The publication and indexation processes and requirements vary between repositories,
increasing the time spent on those activities.
Without accessible data and publications, journals, universities and funders often each
hold a separate copy of the underlying research data on a repository. This unnecessary
redundancy drives the overall costs of storage up.
Peer review is the step in the research life cycle where research work is evaluated by
other researchers with relevant expertise or experience before the work can be endorsed,
published or presented.
In this step of the research life cycle, not having FAIR has an impact on the time spent
because of redundant reviews. Reviews of research data and publications are rarely
shared, and even when they are, the lack of industry-wide standard means that each
entity solicits its own reviews before making a decision 34.
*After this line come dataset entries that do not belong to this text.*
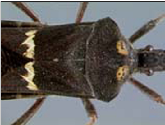
Fig. 5. Leptoglossus zonatus : close-up showing white transverse band and yellow pronotal spots.
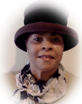
Minister P. Tolbert
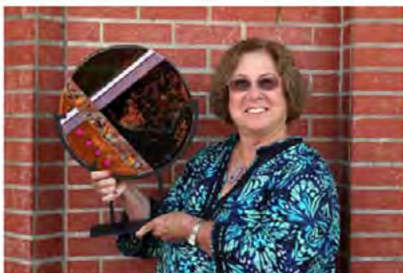
Spring Comes Late by Bobbie Hirschhoff
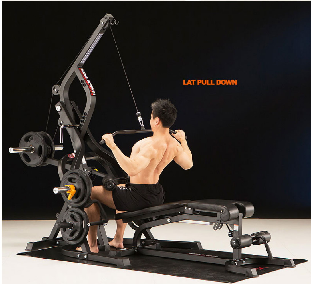
LAT PULL DOWN
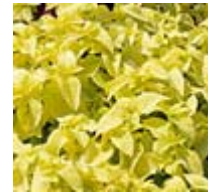
Wizard Sun Series Golden

Part-shade – bright red with yellow edge 45-55 cm/18-22" high
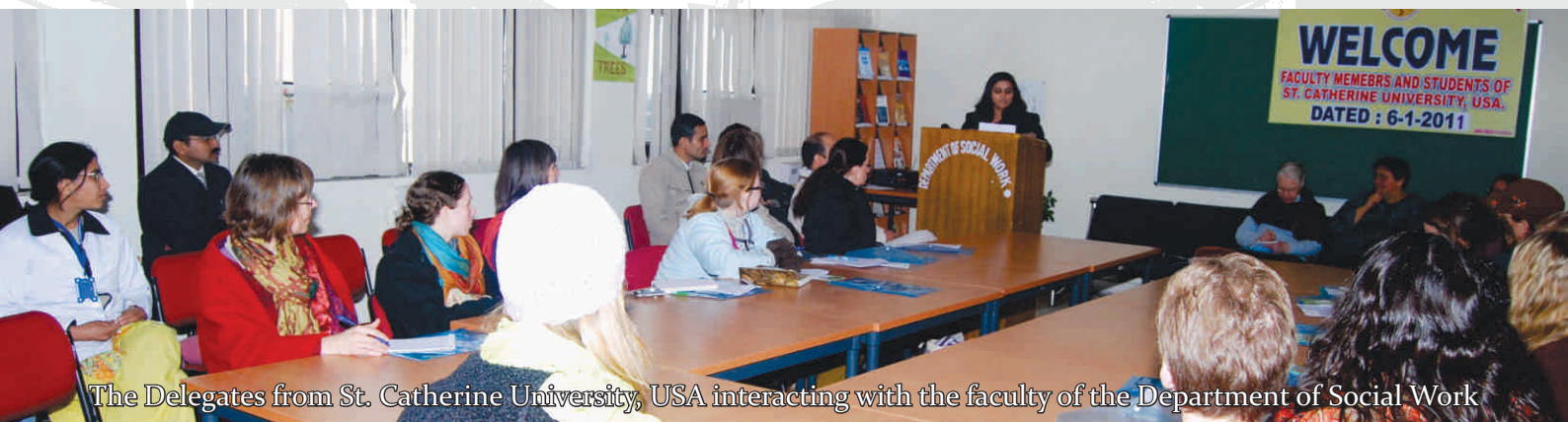
The Delegates from St. Catherine University, USA interacting with the faculty of the Department of Social Work

Moreover, each peer review can be time consuming due to the lack of data supporting
the conclusions of the article reviewed.
According to the trade association for academic and professional publishers 35, peer
review accounts for 15 million hours of time a year. The process takes on average up to
two or three persons and the average acceptance rate is about 50%. Peer review is often
seen as a quality insurance tool for improving the quality of research studies. However,
the process is often redundant across the scientific community and therefore sometimes
unnecessary.
Collaboration applied to science is all about combining research data and findings from
different organisations within and across disciplines to produce new and better outputs.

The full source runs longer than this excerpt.